_Exercise instructions_
From the first line of the listing below, retype each line up to and including the one with "Gift Pack Lindt"; pictures stay out.

[Records provided — start]

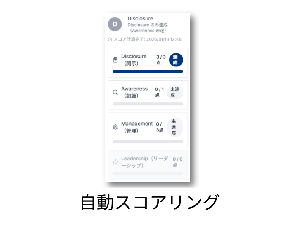 CDPのメソドロジー・スコアリング基準・業種別ウェイトを学習したAIが、入力した回答内容をリアルタイムで採点。設問ごとのDisclosure / Awareness / Management / Leadershipレベルでの得点予測と、オーバーオールのスコアレンジ(A~D-)を提示します。「どこで失点しているか」が一目で分かるため、コンサルティングなしでも重点的な改善が可能です。
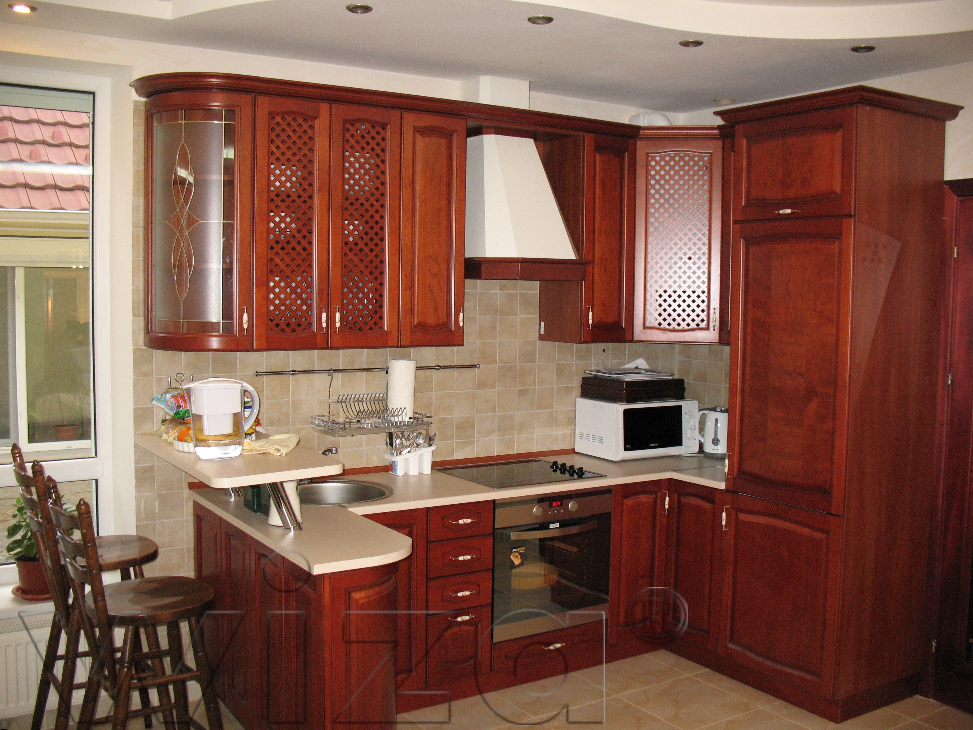 • <em>Кухонная мебель с фасадами из массива черешни выглядит аристократично.</em>
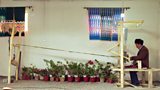 In China, a weaver uses a combination of handmade techniques and mechanised looms. (R)
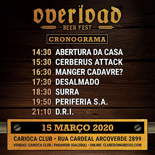 Venda online: www.clubedoingresso.com/evento/overloadbeerfest2020
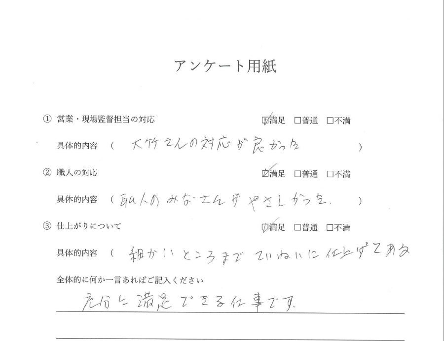 この度は弊社をご利用頂きまして誠に有難うございました。お客様が満足され又お褒めの言葉まで頂きとても嬉しく思っています。この仕事をさせて頂く中で、お客様から頂くお言葉が何よりもの励みになると同時にご縁があって本当に良かったと思う瞬間です。これからもどんな些細なお悩みでも構いませんので、気軽にお声掛け下さい。スタッフ一丸となってご提案させて頂きます。宜しくお願い致します。
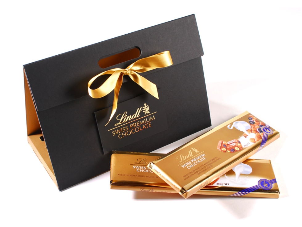 Gift Pack Lindt (Garrofé): Estuche triangular para chocolates Lindt, inspirado en un bolso y acabado negro mate con detalles dorados que transforma el regalo en una experiencia de lujo.
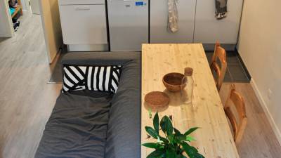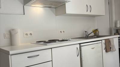 -mooie flat met volledig uitgeruste keuken, inbegrepen oven, microgolfoven, koelkast met vriesvak, kookplaat, vaatwasser, dampkap, met stene...
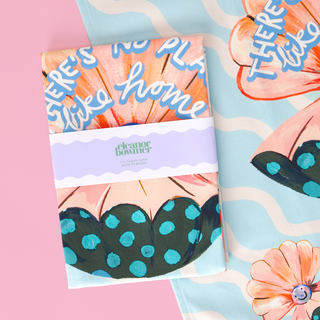 Home is where the tea towel is! The There's No Place Home Tea Towel brings warmth and coziness to your kitchen, reminding you there’s no place quite like it. Eleanor’s hand-painted design adds a charming touch, making it a lovely housewarming gift or an easy way to brighten up your own kitchen decor.
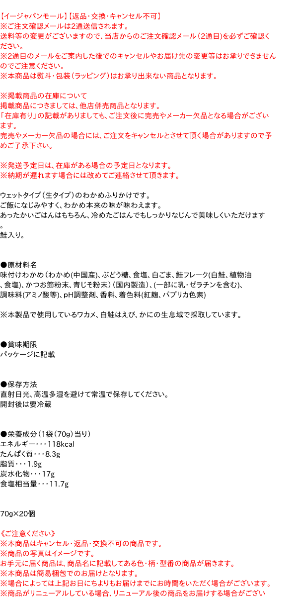 [関連キーワード:食品 ふりかけ 生タイプ 紫蘇 ワカメ 鮭 ご飯 ごはん 弁当 おにぎり]【イージャパンショッピングモール】内のみのお買い物は、送料一律でどれだけ買っても同梱する事が出来ます。
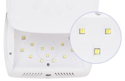 さらにLEDチップには樹脂を塗布しているので目に優しい仕様です。シンプルだけど丸みを帯びたフォルムがおしゃれな、見た目も操作性も抜群のUV/LEDジェルネイルライトです。
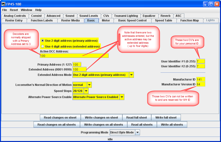 One of the first things you will notice about the expanded Basic Pane in the Comprehensive Programmer is that there are a lot more options than you found in the Basic Programmer. Now use the Read full sheet button to read the values that the locomotive is programmed to. Now you can determine if you want to change any values.
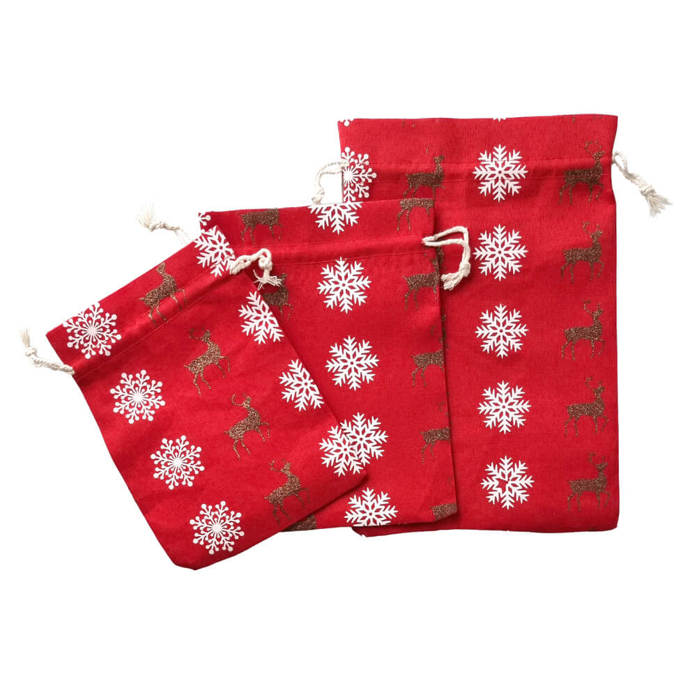 Wrap your Christmas gifts in the authentic spirit of the Holidays! Our festive red fabric bag, printed with a classic snowflake and reindeer design, is the perfect packaging for gifts placed under the tree with love.
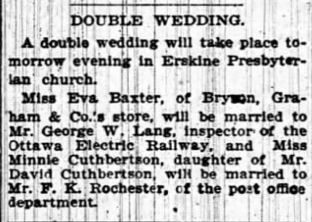 12025-07-31T20:50:47+00:00Ana Teoh90a351ae2281812636914606c5267b01964bd45c82D. Cuthbertson's Personal Life: Event 6plain2025-08-04T14:26:01+00:0012/21/1897Ana Teoh90a351ae2281812636914606c5267b01964bd45c“A double wedding will take place tomorrow evening in Erskine Presbyterian church. Miss Eva Baxter, of Bryson, Graham & Co.’s store, will be married to Mr. George W. Lang, inspector of the Ottawa Electric Railway, and Miss Minnie Cuthbertson, daughter of Mr. David Cuthbertson, will be married to Mr. F. K. Rochester, of the post office department.”
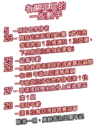 現時世界排第五、二十九歲的王晨,自九九年來港發展到現在,也沒有對假日多了認識;而最長的假期,也只不過是農曆新年的四至五天假期。相信王晨這種「節日冷感」還要延續多幾年,因為明年的多哈亞運,甚至是○八北京奧運會仍是王晨的目標。
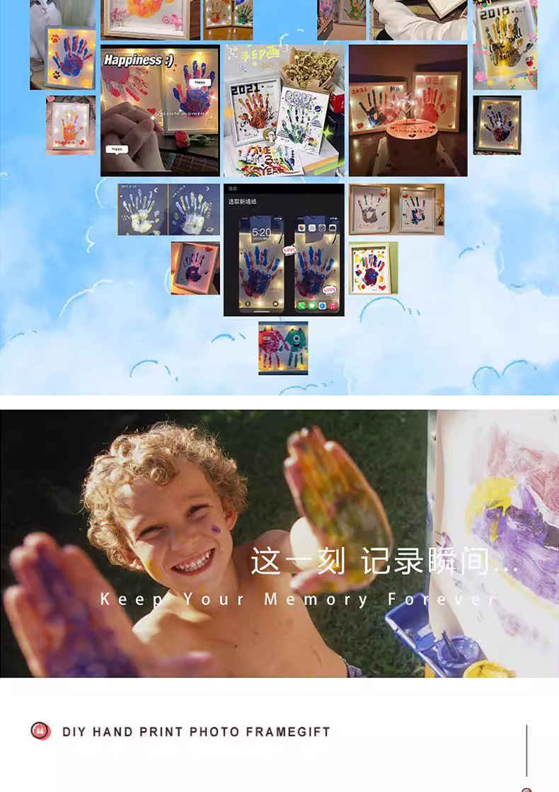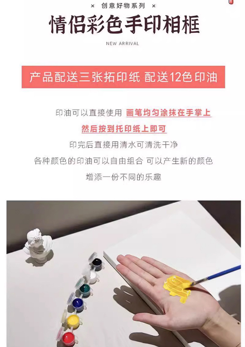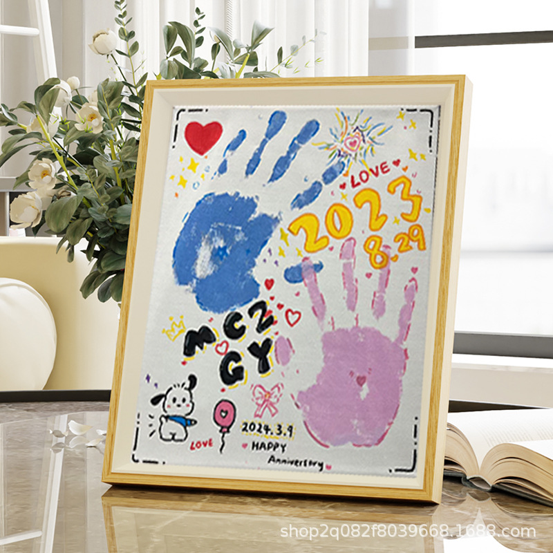 커플의 손자국 DIY 액자, 남자친구와 여자친구를 위한 생일 기념 액자, 손자국 그림 장식품, 액자 및 테이블 장식
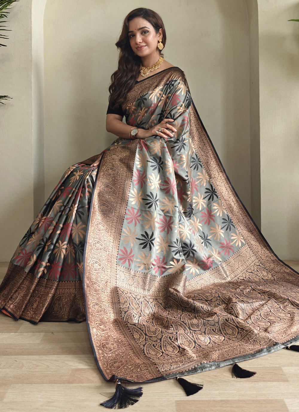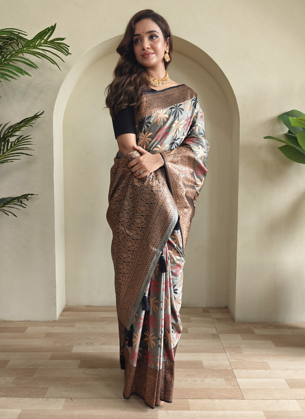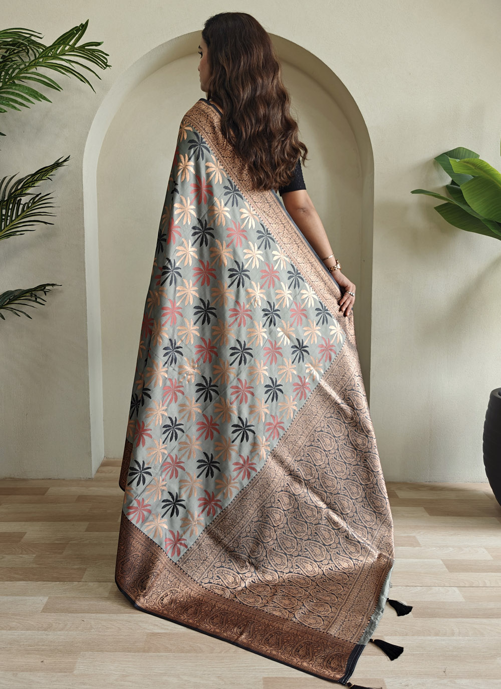 Elevate your ethnic collection with this elegant grey silk saree, highlighted by detailed jacquard work across the drape. Its understated sheen and classic design make it a versatile choice for formal events and traditional gatherings. Comes with matching blouse.
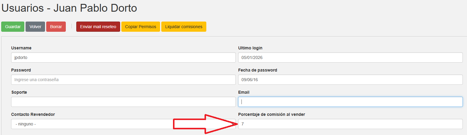 Si querés que los vendedores reciban una comisión de la venta que realizan, primero tenemos que asignar el porcentaje de comisión dentro del usuario.

[Records provided — finish]

_Your response_
 CDPのメソドロジー・スコアリング基準・業種別ウェイトを学習したAIが、入力した回答内容をリアルタイムで採点。設問ごとのDisclosure / Awareness / Management / Leadershipレベルでの得点予測と、オーバーオールのスコアレンジ(A~D-)を提示します。「どこで失点しているか」が一目で分かるため、コンサルティングなしでも重点的な改善が可能です。
 • <em>Кухонная мебель с фасадами из массива черешни выглядит аристократично.</em>
 In China, a weaver uses a combination of handmade techniques and mechanised looms. (R)
 Venda online: www.clubedoingresso.com/evento/overloadbeerfest2020
 この度は弊社をご利用頂きまして誠に有難うございました。お客様が満足され又お褒めの言葉まで頂きとても嬉しく思っています。この仕事をさせて頂く中で、お客様から頂くお言葉が何よりもの励みになると同時にご縁があって本当に良かったと思う瞬間です。これからもどんな些細なお悩みでも構いませんので、気軽にお声掛け下さい。スタッフ一丸となってご提案させて頂きます。宜しくお願い致します。
 Gift Pack Lindt (Garrofé): Estuche triangular para chocolates Lindt, inspirado en un bolso y acabado negro mate con detalles dorados que transforma el regalo en una experiencia de lujo.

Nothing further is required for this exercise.